# Vintage Killdeer and Milbro...need help!



## mak10theknife (Oct 9, 2013)

So I guess I should start out by saying I am new to the forum and slingshots.I just started shooting a rubber band and coat hanger slingshot I made, using clay ammo I also made. At 10 yards I was getting pretty good at hitting a cup...even shot a locuts skeleton off my house at 5 yards (lucky shot.) After shooting for a week and then having my home made SS break I decided I wanted to buy my next one.

Knife and gun collecting are my main hobbies and with these I tend to want to go for vintage options, some times it is becauses they were better made (1970s Gerber Mark ii in L6 tool steel vs 420 HC today) or I just like the style better like with my 1956 Smith Wesson Pre-27 .357.

So when looking for a "bought" slingshot I naturally look at the vintage ones.
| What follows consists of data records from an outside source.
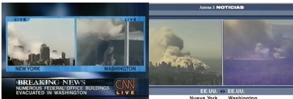
Imagen 5. Ejemplo de videowall

A la izquierda el utilizado por CNN y emitido por Antena 3 y a la derecha el creado por la televisión privada.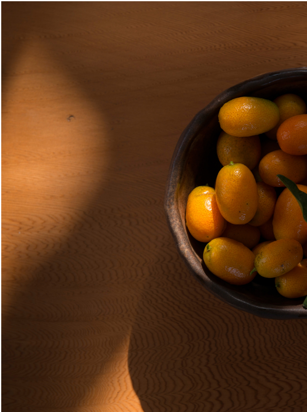
金棗，挺美的。苑裡蕉埔（2018年12月15日）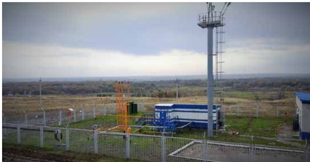
Газораспределительная станция «Широкий Карамыш».

Газовики обеспечат сетевым газом несколько сел Лысогорского района Саратовской области.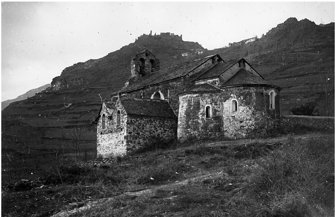
Fig. Photographie 1905. Copie AD31, 53 FI 260.

L'église de Vernaux est construite sur un replat en flanc et en rive droite de la haute vallée de l'Ariège, le long d'un accès entre Luzenac — village en fond de vallée doté d'un pont médiéval — et Lordat et son grand castrum comtal. En bordure aval du Planet de la Gleyzo 1 où elle est érigée, cette église est bien visible de loin et ce choix de situation participe clairement à sa mise en scène. L'église est isolée du village construit 400 m plus haut, dans la pente du versant. Cet isolement — tout comme la situation de l'église en position basse par rapport à l'habitat paysan — est conforme à ce que nous connaissons du peuplement par villages casaliers ou villages « à maisons » en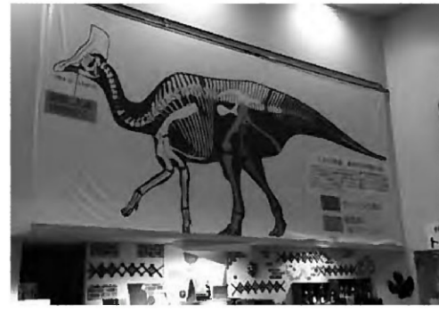
張り替えた新しい実物大シート

下から見上げるのも迫力がありますが、四季の館2階の図書館へと続く渡り廊下もオススメの見学スポットです。四季の館にお出かけの際は、ぜひ目線を上げてみてくださいね。

I purchased two (that I have not gotten yet) The first is a Tinker Killdeer and the second is a Milbro #1. They are forks only so I will need bands etc.

I first bought the Tinker with the intentions of setting it up and shooting it, I bought the Milbro because, I tend to make every hobby a collecting hobby and the more the better! So on to the questions.

I am wanting to set one or both of these up for light backyard shooting using light ammo. I know that some have said that these old ones are not ideal for this but is one better than the other (Killdeer or Milbro)?

With light use is there really any danger of them breaking?

Is there a better vintage option I should be on the look out for?

I am in Little Rock Arkansas and the only bands I ever find local are the tube kind, is there something else I can use for these that can be found local (hardward store etc.) or is ordering original style bands online my best option? Could I just set these up with office type rubber bands to make sure they are not over stressed?

I have really enjoyed this fun and relaxing hobby, I am ready to get my vintage forks and get back to shooting!


----------



## Flatband (Dec 18, 2009)

Well Mac,you picked a few nice ones. Personally,I think The Killdeer is the better of them but then I shot it a ton when growing up so I'm biased. You could use office bands on both,or light tubes or flats. I've used them all on both models.You can get light tubes or flats right here on the forum. We have a bunch of vendors selling some real nice stuff. Take a whirl around the forum and don't be afraid to ask questions. We're all slingshot nuts on here! :king:


----------



## PorkChopSling (Jan 17, 2013)

Yeah, what flatband said. And, flatband happens to make great band sets for vintage or none vin shooters.


----------



## mak10theknife (Oct 9, 2013)

Thanks for the replys guys! Flatband great to hear from you, on all the searching and reading I have done I see your name come up a lot (all great things). It is pretty cool that on my first post I actually get a reply from you!

I see the term "Office Band" come up a lot is there a size I should look for? I will get with you about getting some bands once I get my forks in.

For the Killdeer how would one go about attaching tubes? I assume that you bipass the "slots" and attach direct to the forks?


----------



## Flatband (Dec 18, 2009)

Mac, as long as they're thinner tubes, you just fold them and put something ( matchstick or strip of scrap rubber ) in the loop of the band stretch them and fit them into the slot-tag ends facing outward. As far as the office bands, Get the #107 size from Alliance Rubber Band Company ( check e-bay). They are the same size as what originally came on the Killdeer. Have fun!


----------



## mak10theknife (Oct 9, 2013)

Great I will have to try that! I broke down and got a Daisy F16 last night, just to have something for now. I am finding out that I don't think I like tubes. They seems to be very stiff and not as smooth in pull and release. I think vintage forks and light band is going to be the winning combo for me! Thanks for the help.


----------



## harpersgrace (Jan 28, 2010)

Dont go off tubes because of Daisy, they have some of the worst tubes out there.


----------